Your daughter couldn't sleep and watched videos on her cellphone. You way overreacted and you instigated some middle of the night showdown over cellphone use that was totally unnecessary.

She shouldn't have called you a bitch but you really assumed a great deal here -- that she was on the phone all night, that there was nothing bothering her or keeping her up. Do you always approach every situation guns blazing like this? Is the cell phone really the issue?


I agree. You could have at least asked her why she couldn’t sleep.
Anonymous
Anonymous wrote:
Anonymous wrote:Op here, I have apologized for slapping her and told her that was not the correct response. She apologized for what she said as well. Her excuse was, that’s what her friends say to each other when they are really mad. We talked about that is not an appropriate response to anyone, an adult, a friend, and enemy or a stranger. She seemed remorseful about that but is VERY upset about losing her phone for the week. She thinks I’m being unreasonable and too strict.
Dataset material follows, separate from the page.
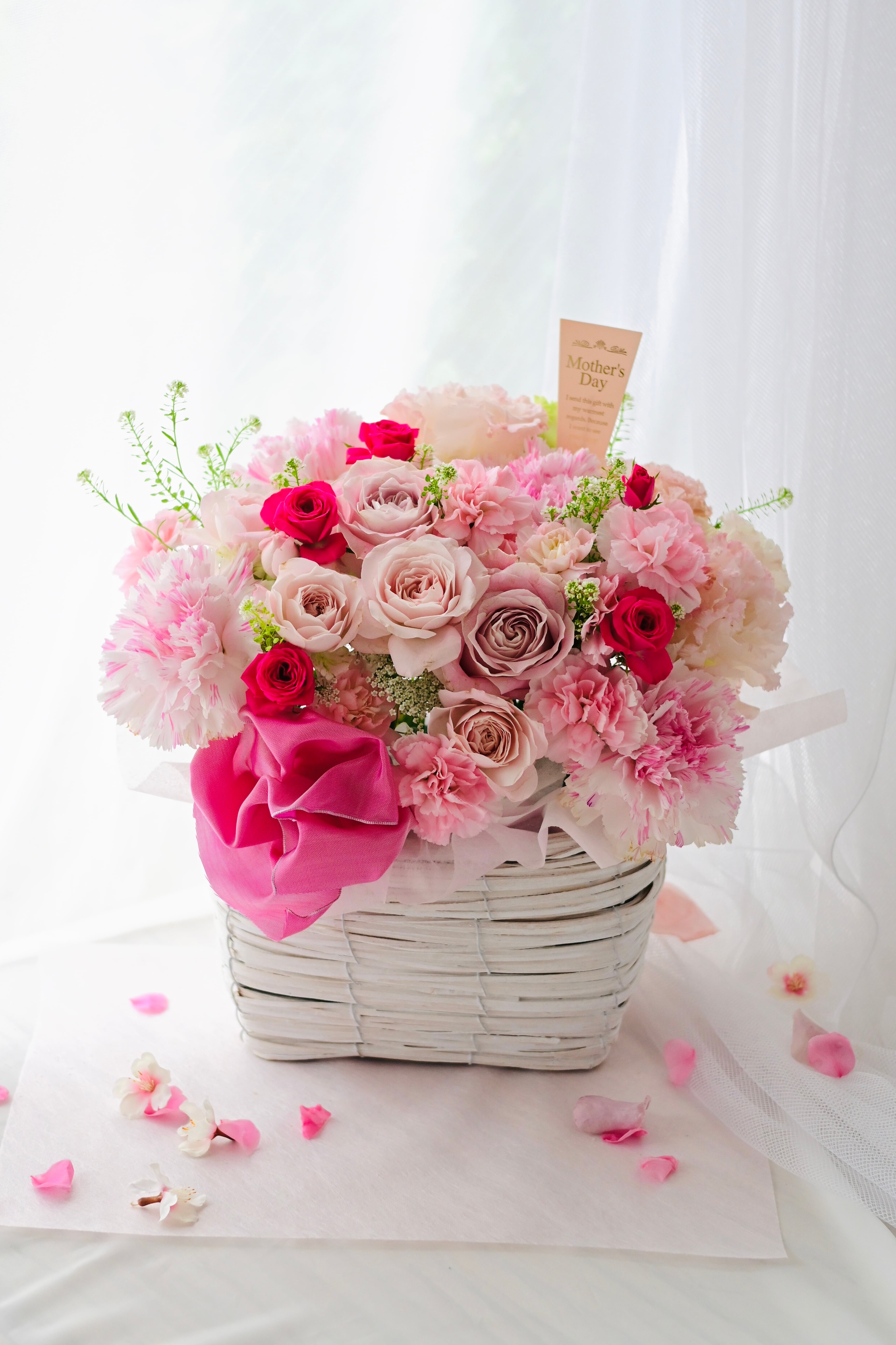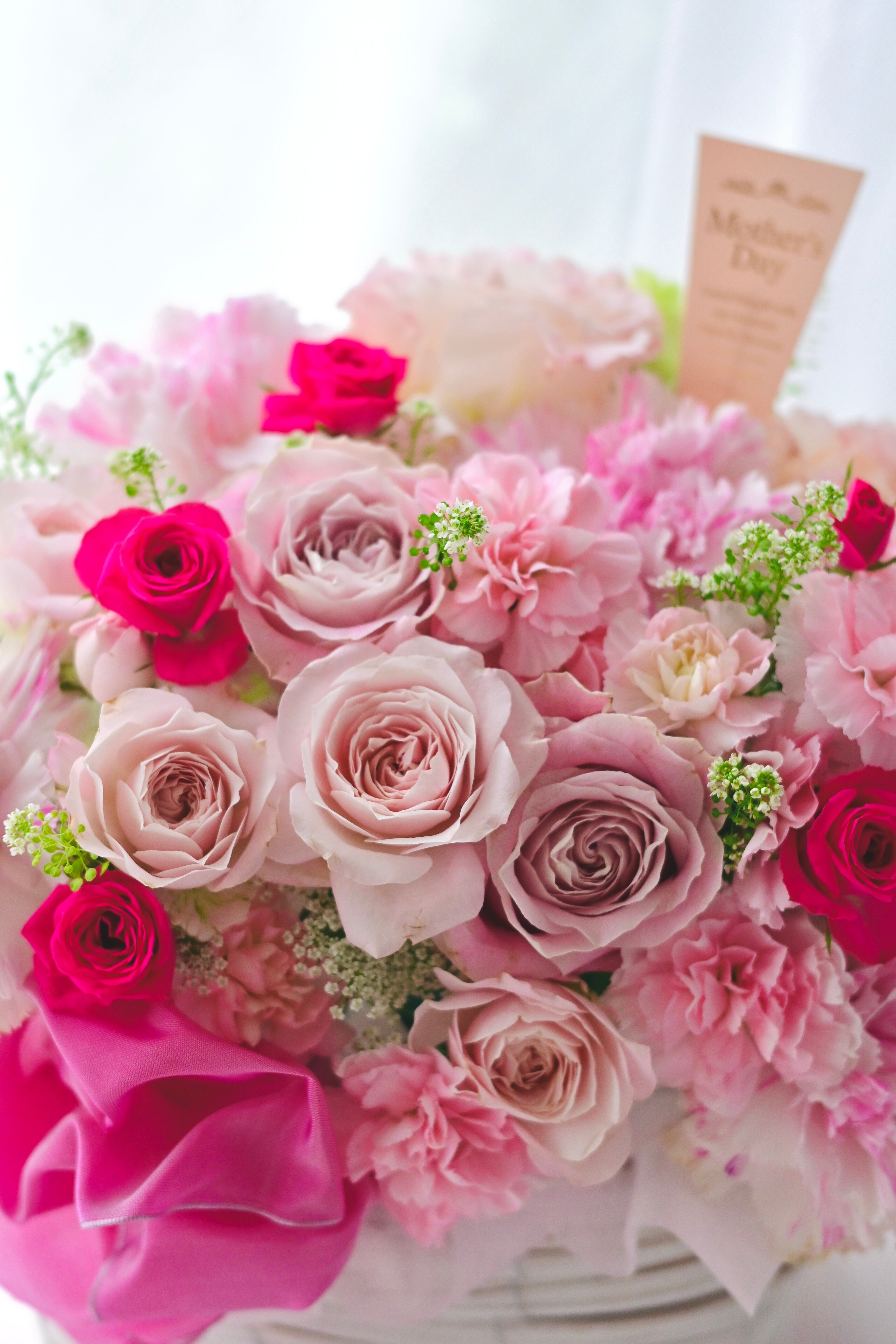 優しいピンクのカーネーションやバラの生花を使った、心温まる花たちです。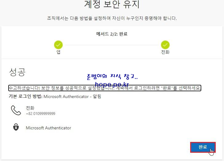 성공 화면에서, '완료' 를 클릭 합니다.

Thanks for all the responses, I read each and everyone. My daughter is definitely still upset with me, but I don’t think our relationship has been damaged permanently.


Good job, OP. Hang in there.


+1 Thanks for the update, OP!
Anonymous
Anonymous wrote:
Anonymous wrote:I bet she won't call you a bitch again.
Stick with the consequence of the lost phone for the week too.
I would not mention the slap unless she brings it up again.


This. What the heck is wrong with most of you? The current parenting generation has handed over control to the children. They know they can play off your guilt and win even more concessions. If any of us had called our mothers “bitch” when we were teens we would have been slapped into next Tuesday. Except that most of us did not because we had been punished when we mouthed off to our parents when we were younger.

Only apology needs to be from child to parent here.


Plus 1. No apology necessary from Mother.
Anonymous
Anonymous wrote:
Anonymous wrote:Op here, I have apologized for slapping her and told her that was not the correct response. She apologized for what she said as well. Her excuse was, that’s what her friends say to each other when they are really mad. We talked about that is not an appropriate response to anyone, an adult, a friend, and enemy or a stranger. She seemed remorseful about that but is VERY upset about losing her phone for the week. She thinks I’m being unreasonable and too strict.

Thanks for all the responses, I read each and everyone. My daughter is definitely still upset with me, but I don’t think our relationship has been damaged permanently.


Good job, OP. Hang in there.


I'm glad it's going better OP. I had a truly toxic relationship with my mom-- there is a difference between a momentary loss of self control and a pattern. I think you will both move past this just fine.
Anonymous
Good job. Also my mom slapped me a couple times. It was nbd and we are very tight.
Anonymous
She needs to have the phone taken away for a bit.

Kids that break rules with the phone, don’t get the privilege of the phone.

Be a bitch. It’s called parenting.
Anonymous
Anonymous wrote:She needs to have the phone taken away for a bit.

Kids that break rules with the phone, don’t get the privilege of the phone.

Be a bitch. It’s called parenting.


In this case, OP was being a bitch.

Such a holy over-reaction to a small event.